Dealing with Read 2 with trimming can be a little more complicated, since the trimming happens at the S2 side of the read. Consider Read 2 with 4 bases trimmed and mapped to the forward strand:
S2 M aaccGGTTAACCGGT |-------------| Read 2
In this case the alignment reports the reference position of the first G, which is the 5th base in the read. To find the reference position of S2 we have to count backwards. The number of position to back up is indicated by the soft and/or hard clipping operations in the CIGAR—for the example above it could be 4S11M, so we would need to subtract 4 positions from our alignment coordinate.
The final case is Read 2 on the reversed strand. Again, in this case the read is reversed and complemented so S2 is on the “right” and the mapping position M is on the other end:
M S2 TGGCCAATTGGccaa |-------------| Read 2
We therefore have to count forward, including any trimmed bases to find our canonical position S2 which will be used to evaluate duplicates.
In the end, for any given read we will have its corresponding start coordinate S.
Match the pairs by whether they align on the same strand and by the reference coordinates of start of each read, S1 or S2, from step (2).
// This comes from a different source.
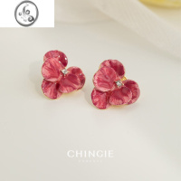 JiMi925银针丝绒花朵耳环高级感轻奢耳钉气质高级大气秋冬红色耳饰女

With this criteria we identify sets of equivalent reads.
To calculate the equivalency classes of reads we form a key (S1, orientation read 1, S2). All pairs which result in identical instances of this tuple will be considered duplicates.
Given a set of pairs, leave the pair with the highest base qualities as is, while we label the rest as duplicates.
To decide which pair has the best quality, we sum all base qualities >= 15. The pair with the highest sum “wins” (we implicitly assume reads have the same length).
For unpaired reads (or reads whose mate is unmapped), if the read’s S coordinate (as in step 2) and mapping orientation falls on a paired read, it will be marked as a duplicate—i.e. paired reads are given precedence.
If instead for a particular coordinate and orientation we only find unpaired reads, then we apply the same base quality-based criteria that we used for pairs: the one with the highest sum( base qualities >= 15 ) is left as is, while the rest are marked as duplicates.
Unmapped reads cannot be marked as duplicates, since our criteria for identifying duplicates is based on mapping coordinates. Seqal does not try to match reads by identical nucleotide sequence.